Tech Stocks: Look Before You Jump

Last week was remarkable for technology investors. Share prices in this sector increased by 9.4%. After the market closed on Tuesday, Intel’s (INTC) second-quarter earnings announcement breathed life into the stock market and sent many tech names stampeding higher.

The good
Intel reported its strongest first- to second-quarter growth since 1988 and offered upbeat comments for the second half of 2009. Based on improving conditions in the PC market, the technology benchmark expects third-quarter sales to reach $8.5 billion, well above the $7.8 billion bill forecast by analysts. Commenting on the chip giant’s results, one analyst quipped: “Intel had a terrific quarter by almost every metric.”

This bullish enthusiasm continued through the week after International Business Machines (IBM) also beat analysts’ earnings forecasts. Relentless cost cutting through automation and shifting work to lower-cost locations allowed IBM to increase profits 12% to $3.1 billion, even as sales declined 13% to $23.3 billion. IBM’s earnings tally of $2.32 per share beat analysts’ forecast of $2.02 per share. The tech titan raised its 2009 EPS forecast to at least $9.70 a share, 50 cents a share higher than its January forecast.

The bad
Although Intel and IBM reported relatively strong results, the strength in operations did not resonate through other technology names. Nokia’s (NOK) forward-looking statement worried investors. Trailing rivals like Apple (AAPL) and Research In Motion (RIMM) in the smartphone race, Nokia cut its operating margin forecast on ‘mid-teens’ phones to around 10%.

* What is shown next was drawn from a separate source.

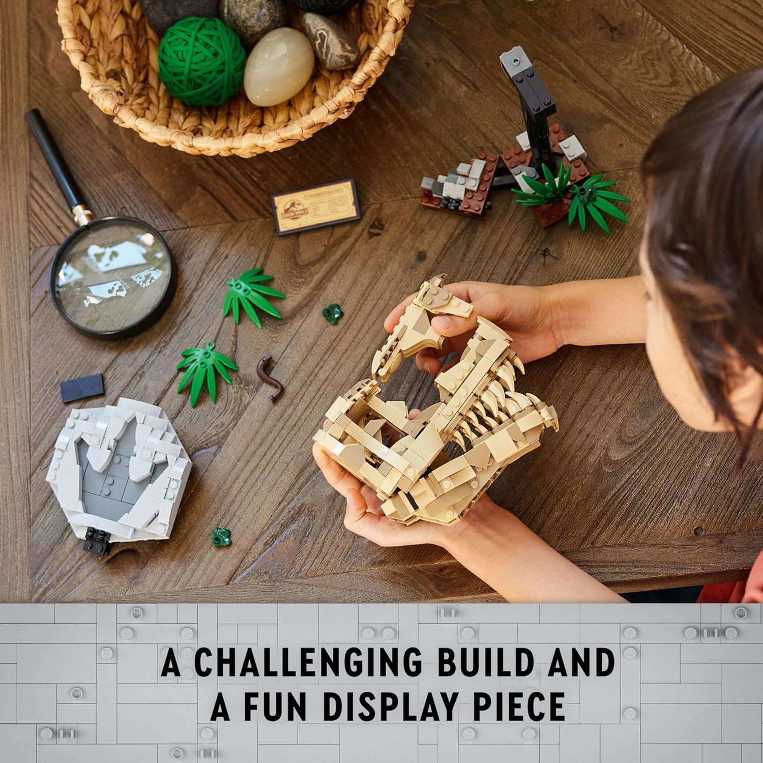 LEGO Fósiles de dinosaurios Jurassic World: calavera T. rex, juguete de dinosaurio para niños y niñas, juego educativo de modelo de esqueleto con huesos para niños, gran regalo para los fanáticos de

Citing weak demand for computer hardware from business customers, higher component costs and a competitive pricing environment, Dell (DELL) lowered its gross margin forecast for its July quarter.

Invest in technology?
So, given that tech companies have mixed performance, is the tech sector worth investing in? Given the prospect of a stabilizing economy, I think the answer is yes. However, selectivity is key.

Look before you jump!
Fidelity Select Technology (FSPTX), Technology Select Sector SPDR (XLK) and Vanguard Information Technology (VGT) represent a sampling of broad technology-related sector funds and ETFs available to invest. Here’s how these investments have fared since the market bottomed on March 9.

FSPTX has led the pack with a whopping 70% return. This tops the 53% gain for VGT by 17%. XLK has lagged behind the pack with a 45% advance.

Why such differences?
As always, the devil is in the details. While FSPTX, XLK, and VGT all have technology in their names, they differ in holding market capitalization, industry exposure, and expense ratio. XLK includes telecommunications service companies, while the others typically do not. FSPTX often includes small- and mid-cap technology companies, while XLK and VGT are heavily skewed toward large-cap names.

Exposure to telecom service companies such as AT&T and Verizon is holding back XLK’s performance, while increased exposure to mid-cap names has helped FSPTX outperform the competition since March 9. Instead of choosing investments with the lowest expense ratio or highest trading volume, it pays to understand what your mutual fund or ETF holds.